Omit all pictures, then print the entries exactly.

══ Supplied entries ══

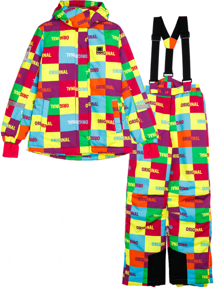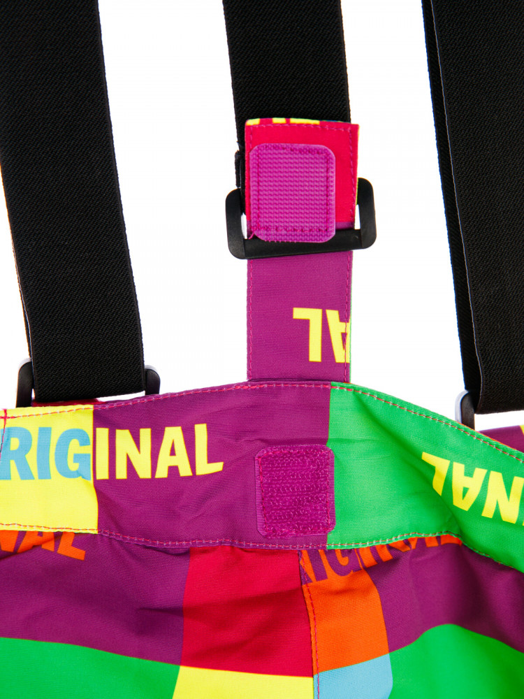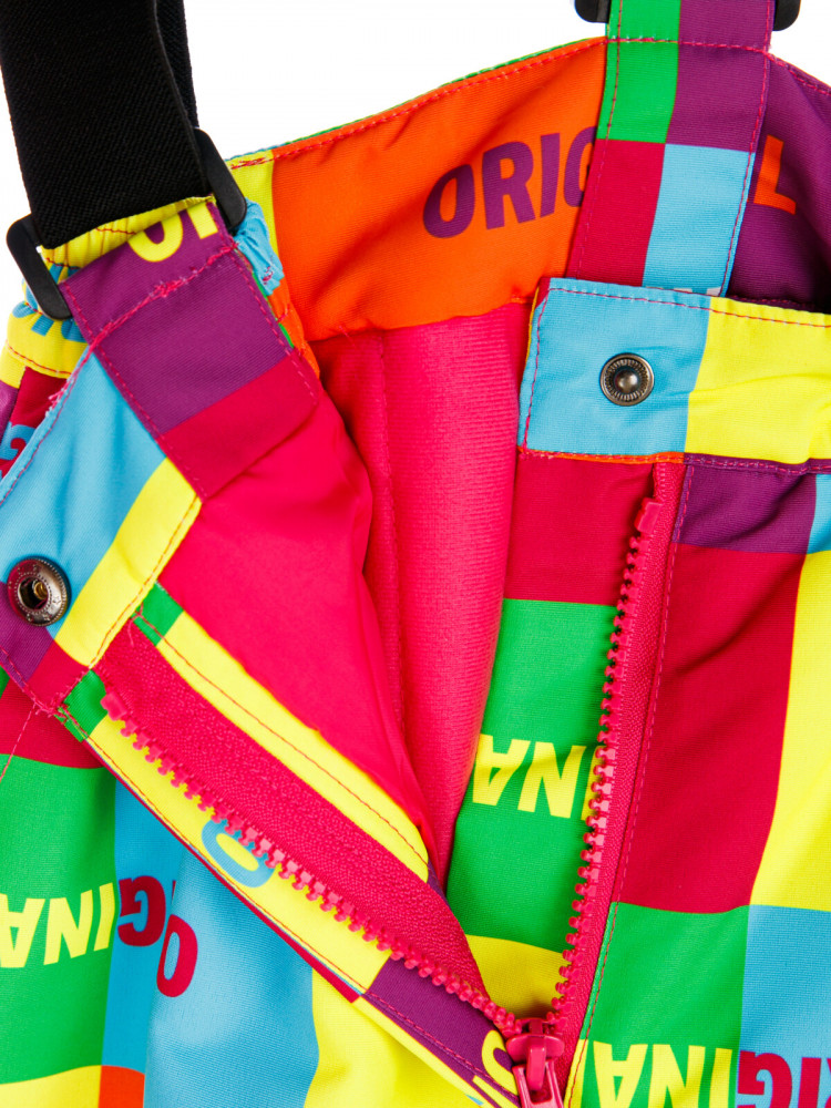 Брюки: утеплитель 100 г/м, карманы, снегозащитный манжет на брюках с резинкой Snow stopper. Регулировка длины брюк, регулировка ширины брюк липучкой, усиление по внутреннему шву. Резинка по талии, съемные бретели.
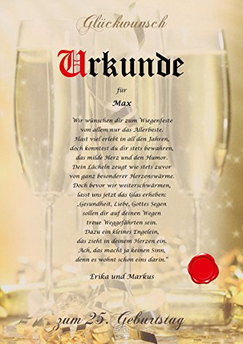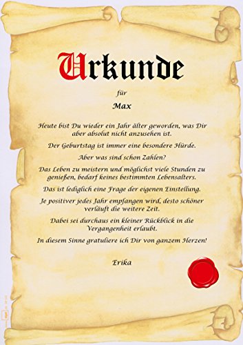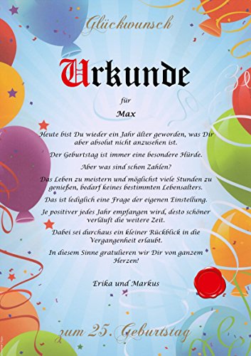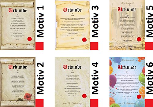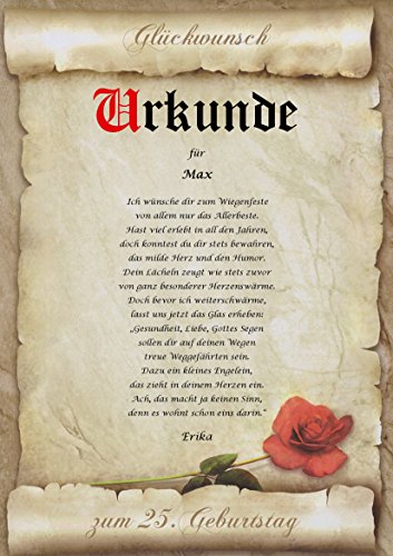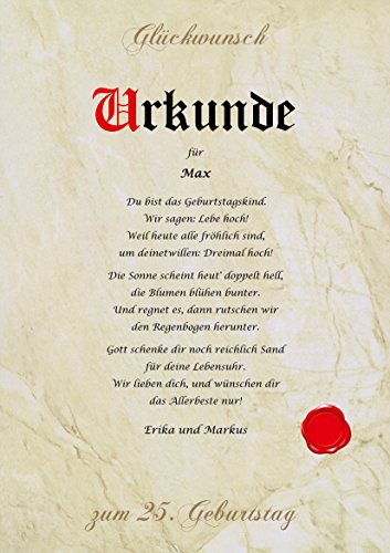 Geschenkidee persönlich, personalisiert & individuell: Jede Urkunde ist einmalig und somit ein Unikat. Es sind alle Textformen verfügbar. Unsere Texte sind urheberrechtlich geschützt und nur bei uns erhältlich.
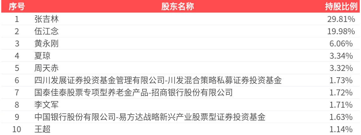 公司股东户数为2101户 ,前十大股东持股数量为8580.64万股,占总股本比例为70.45%,前十大股东持股情况如下:
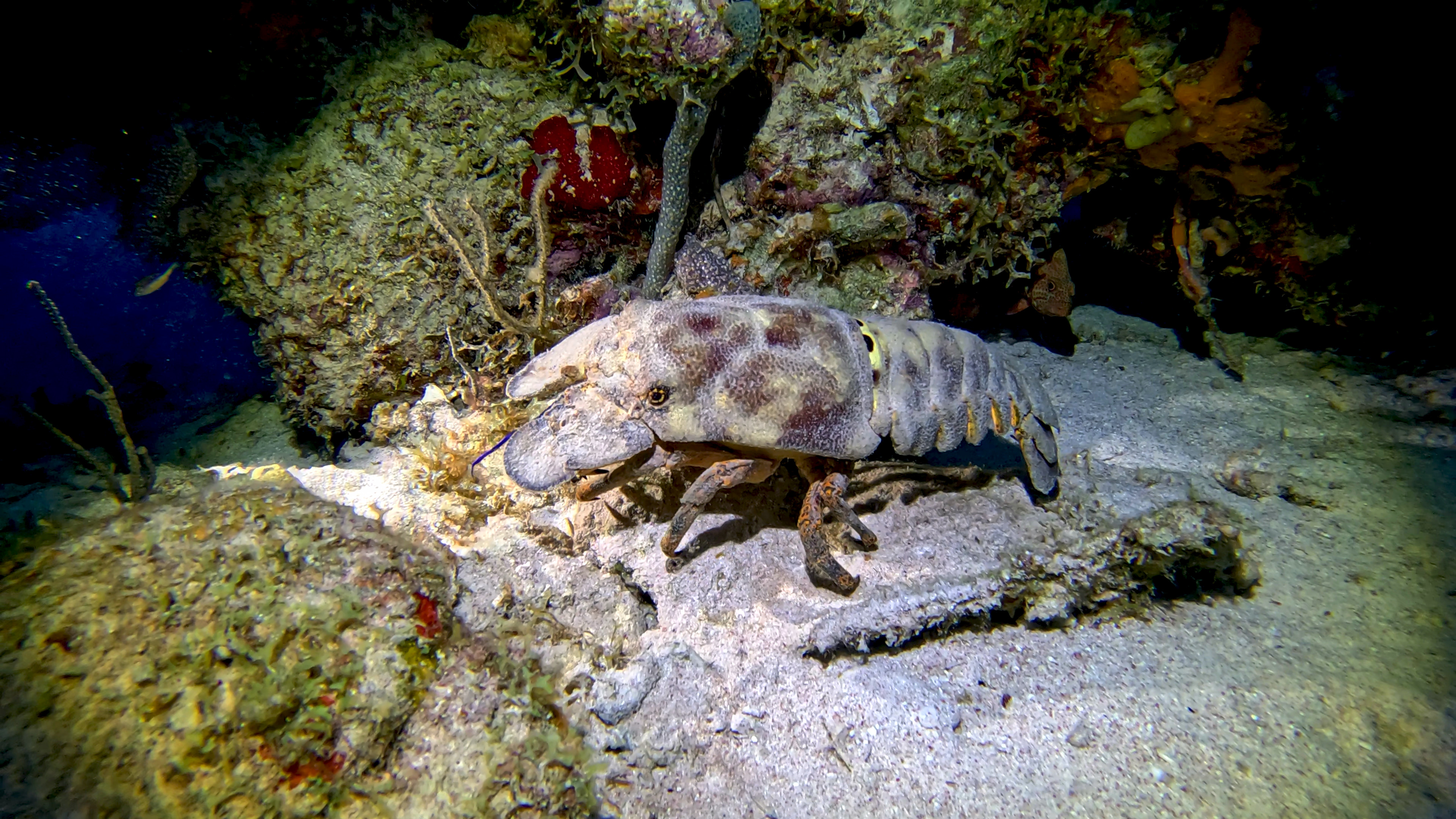 The Spiny Lobster is a species of lobster from the family Palinuridae, known for its distinctive spines on the body, particularly on the carapace. It is usually reddish-orange, often with white or yellow spots on the exoskeleton. It is found primarily in the Mediterranean Sea and along the southern and eastern Atlantic coasts, inhabiting rocky areas, where it hides in caves or crevices on the seafloor. The spiny lobster is a nocturnal species and feeds mainly on algae, marine invertebrates, and other small creatures. The spiny lobster is highly prized in cuisine, especially for its tender and flavorful meat, though due to overfishing in some regions, its populations are considered threatened.
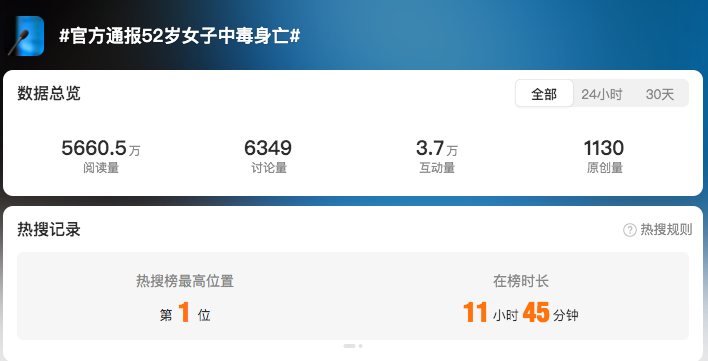 9月15日,浙江省杭州市余杭區(qū)閑林街道辦事處發(fā)布情況通報稱,9月9日,涂某某(女,52歲)在進(jìn)入閑林中路附近空地時,不慎接觸廢棄氫氟酸中毒,送醫(yī)后經(jīng)搶救無效于2025年9月14日凌晨不幸身亡。公安機(jī)關(guān)在接警后第一時間介入調(diào)查;生態(tài)環(huán)境部門已按規(guī)范完成現(xiàn)場無害化處置;街道正在全力推進(jìn)善后處置工作。目前,事發(fā)原因正在進(jìn)一步調(diào)查中。當(dāng)晚“官方通報52歲女子中毒身亡”登上熱搜榜第一位,閱讀量迅速破千萬。
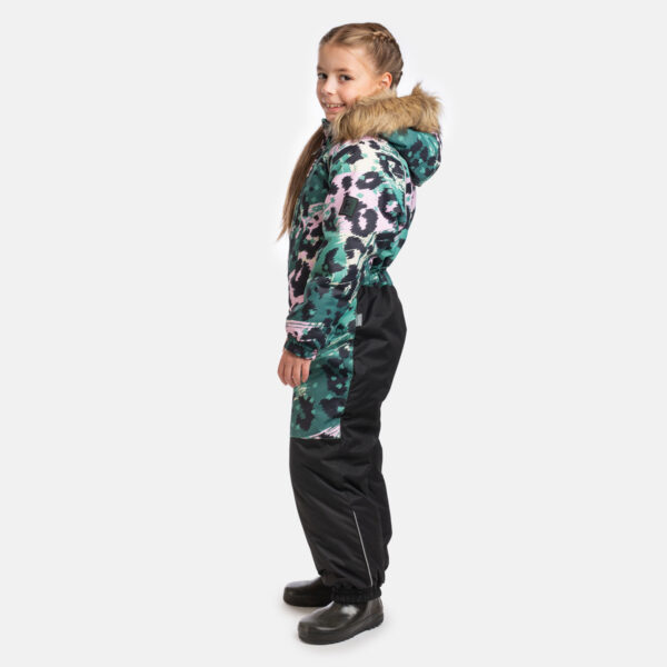 Children’s water- and windproof snowsuit with 200 g insulation. Breathable outer fabric. Soft fabric on the inside of the snowsuit. Elastic cuffs of sleeve and leg ends, plus hood with elastic edging. Detachable hood fastens to the collar with snap buttons. Elastic waistband with buttonholes. Waterproof taped seams. The product comes with elastic stirrups. Reflective detailing on outer fabric.

═══

### Your solution
 Брюки: утеплитель 100 г/м, карманы, снегозащитный манжет на брюках с резинкой Snow stopper. Регулировка длины брюк, регулировка ширины брюк липучкой, усиление по внутреннему шву. Резинка по талии, съемные бретели.
 Geschenkidee persönlich, personalisiert & individuell: Jede Urkunde ist einmalig und somit ein Unikat. Es sind alle Textformen verfügbar. Unsere Texte sind urheberrechtlich geschützt und nur bei uns erhältlich.
 公司股东户数为2101户 ,前十大股东持股数量为8580.64万股,占总股本比例为70.45%,前十大股东持股情况如下:
 The Spiny Lobster is a species of lobster from the family Palinuridae, known for its distinctive spines on the body, particularly on the carapace. It is usually reddish-orange, often with white or yellow spots on the exoskeleton. It is found primarily in the Mediterranean Sea and along the southern and eastern Atlantic coasts, inhabiting rocky areas, where it hides in caves or crevices on the seafloor. The spiny lobster is a nocturnal species and feeds mainly on algae, marine invertebrates, and other small creatures. The spiny lobster is highly prized in cuisine, especially for its tender and flavorful meat, though due to overfishing in some regions, its populations are considered threatened.
 9月15日,浙江省杭州市余杭區(qū)閑林街道辦事處發(fā)布情況通報稱,9月9日,涂某某(女,52歲)在進(jìn)入閑林中路附近空地時,不慎接觸廢棄氫氟酸中毒,送醫(yī)后經(jīng)搶救無效于2025年9月14日凌晨不幸身亡。公安機(jī)關(guān)在接警后第一時間介入調(diào)查;生態(tài)環(huán)境部門已按規(guī)范完成現(xiàn)場無害化處置;街道正在全力推進(jìn)善后處置工作。目前,事發(fā)原因正在進(jìn)一步調(diào)查中。當(dāng)晚“官方通報52歲女子中毒身亡”登上熱搜榜第一位,閱讀量迅速破千萬。
 Children’s water- and windproof snowsuit with 200 g insulation. Breathable outer fabric. Soft fabric on the inside of the snowsuit. Elastic cuffs of sleeve and leg ends, plus hood with elastic edging. Detachable hood fastens to the collar with snap buttons. Elastic waistband with buttonholes. Waterproof taped seams. The product comes with elastic stirrups. Reflective detailing on outer fabric.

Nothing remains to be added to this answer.